### TRY IT
The whole listing should come back exactly as written, except for the pictures.

==== INFORMATION SUPPLIED ====

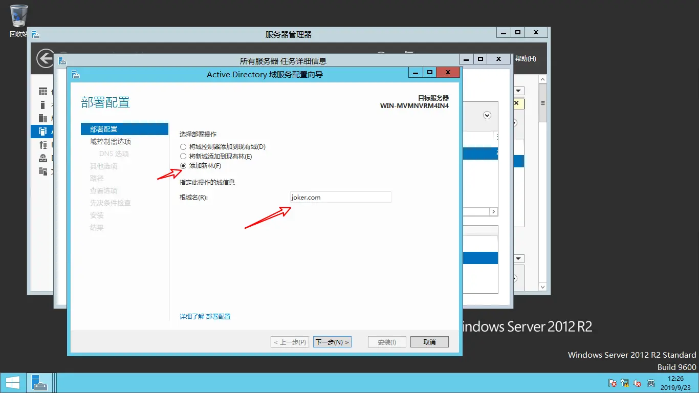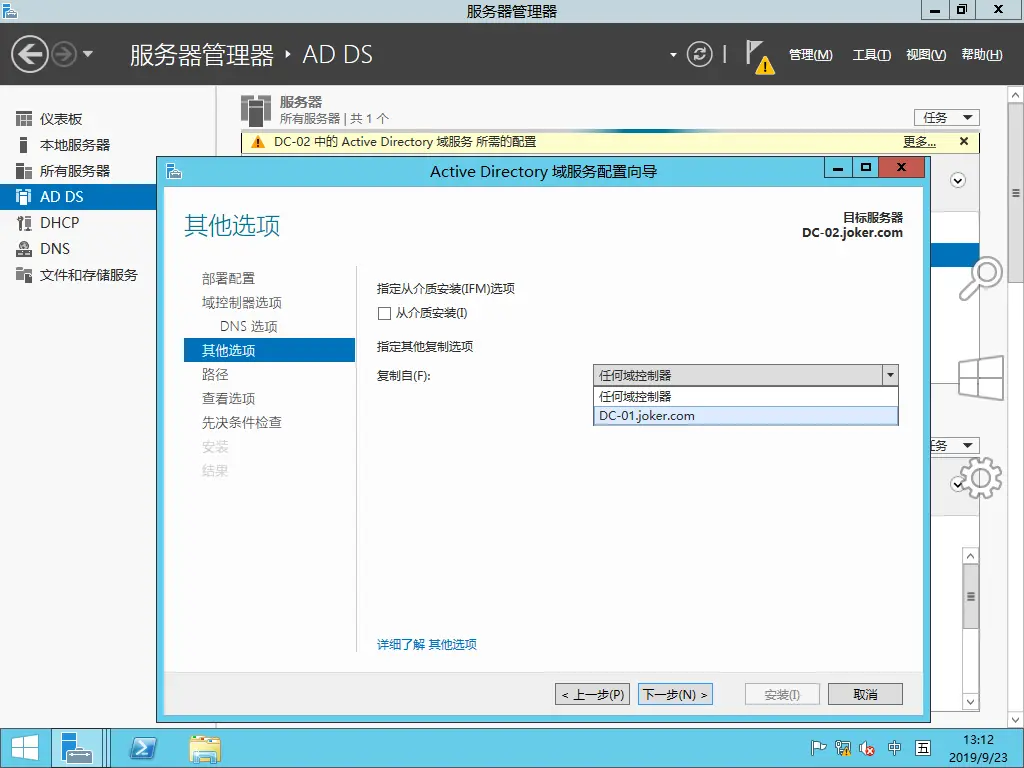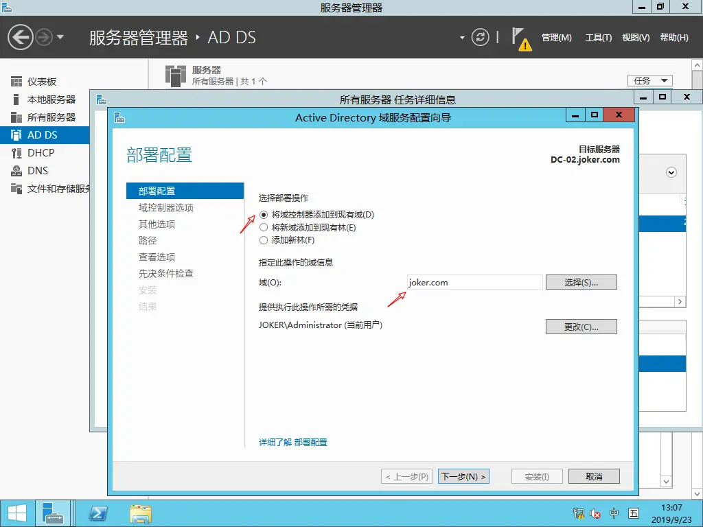 选择部署操作-将域控件器添加到现有域,这是默认配置,与第一台计算机区别在这里
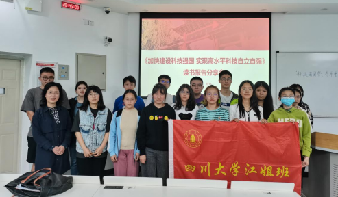 习近平总书记在党的二十大报告中对“加快实施创新驱动发展战略”作出部署,强调“加快实现高水平科技自立自强”,“增强自主创新能力”。为认真学习贯彻党的二十大精神,教育引导学生坚定理想信念,强化新征程上肩负的青春使命与担当,4月27日,122cc太阳集成游戏华西基础医学与法医学院联合华西公共卫生学院江姐班在华西校区第九教学楼1-1教室开展“科技强国梦,青年勇担当”主题读书报告分享,江姐班理论指导教师黄丽珊参加本次分享会,并为同学们开展理论辅导。
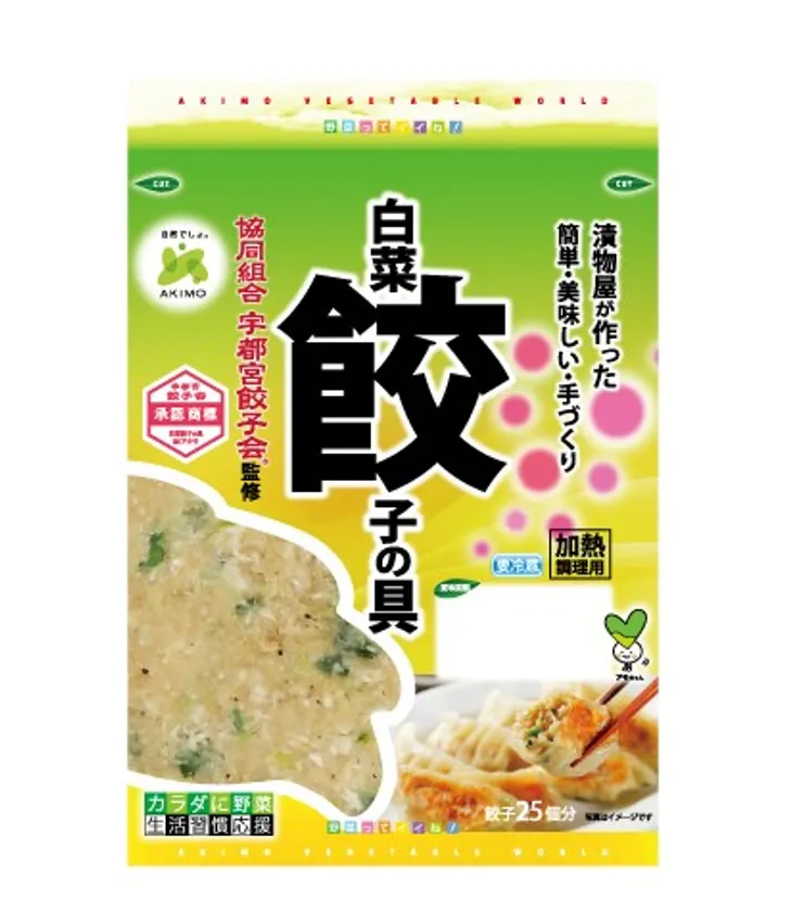 浅漬けをはじめとする野菜加工食品メーカーの株式会社アキモ(所在地:栃木県宇都宮市、代表取締役社長:秋本 薫)は、宇都宮餃子ブランドを牽引する協同組合 宇都宮餃子会(所在地:栃木県宇都宮市、代表理事:伊藤 太朗、専務理事兼事務局長:鈴木 章弘)監修のもと開発した『漬物屋が作った 簡単・美味しい・手づくり 白菜餃子の具』(以下『白菜餃子の具』)を、栃木県内をはじめとした関東甲信越、東北エリアのスーパーマーケットにて、2024年2月1日より新発売いたします。

====

### ANSWER SECTION
 选择部署操作-将域控件器添加到现有域,这是默认配置,与第一台计算机区别在这里
 习近平总书记在党的二十大报告中对“加快实施创新驱动发展战略”作出部署,强调“加快实现高水平科技自立自强”,“增强自主创新能力”。为认真学习贯彻党的二十大精神,教育引导学生坚定理想信念,强化新征程上肩负的青春使命与担当,4月27日,122cc太阳集成游戏华西基础医学与法医学院联合华西公共卫生学院江姐班在华西校区第九教学楼1-1教室开展“科技强国梦,青年勇担当”主题读书报告分享,江姐班理论指导教师黄丽珊参加本次分享会,并为同学们开展理论辅导。
 浅漬けをはじめとする野菜加工食品メーカーの株式会社アキモ(所在地:栃木県宇都宮市、代表取締役社長:秋本 薫)は、宇都宮餃子ブランドを牽引する協同組合 宇都宮餃子会(所在地:栃木県宇都宮市、代表理事:伊藤 太朗、専務理事兼事務局長:鈴木 章弘)監修のもと開発した『漬物屋が作った 簡単・美味しい・手づくり 白菜餃子の具』(以下『白菜餃子の具』)を、栃木県内をはじめとした関東甲信越、東北エリアのスーパーマーケットにて、2024年2月1日より新発売いたします。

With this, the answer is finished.